1- If I understand correctly, what you are referring to here is data discretization: in your example, instead of representing the concentration of zinc as a continuous function of the position (left - I assumed a concentration represented over a 1D line, although I guess your data are represented on a 2D map), you would bin them to obtain a discrete distribution (right). In the later case, the first bin represents the concentration of zinc in the $[0m-10m]$ segment, the second bin represents the concentration of zinc in the $]10m-20m]$ segment, and so on. The goal of discretization is generally to simplify your data for visualization, e.g. to be able to represent them using an histogram as on the right figure.

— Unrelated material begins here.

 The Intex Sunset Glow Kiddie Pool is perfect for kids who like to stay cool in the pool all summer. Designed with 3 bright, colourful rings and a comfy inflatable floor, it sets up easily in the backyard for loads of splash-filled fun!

Note that there are also ways to estimate continuous distributions from data (i.e. without discretizing them), using e.g. a Kernel Density Estimator.

2- EM is meant to work with continuous variables, i.e. without binning them. In your example, if you want to represent the zinc concentration as a function of the position using a mixture of Gaussians, and to fit it on data using the EM algo, one of the parameters of interest would be the position (i.e. the mean) of each components in your mixture, which can be optimized as continuous values and do not need to be binned.
Note that it is also possible to perform EM when some parameters to be estimated are discrete. In this case, a common practice is to loop over the different possible discrete values of this parameter, to perform classical EM for all other parameters (while holding the value for the discrete parameter constant), and to pick the discrete value that yields the highest likelihood, see for instance the following papers using EM:
Barri, A., Wang, Y., Hansel, D., & Mongillo, G. (2016). Quantifying repetitive transmission at chemical synapses: a generative-model approach. Eneuro, 3(2).
Gontier, C., & Pfister, J. P. (2020). Identifiability of a binomial synapse. Frontiers in computational neuroscience, 14, 558477.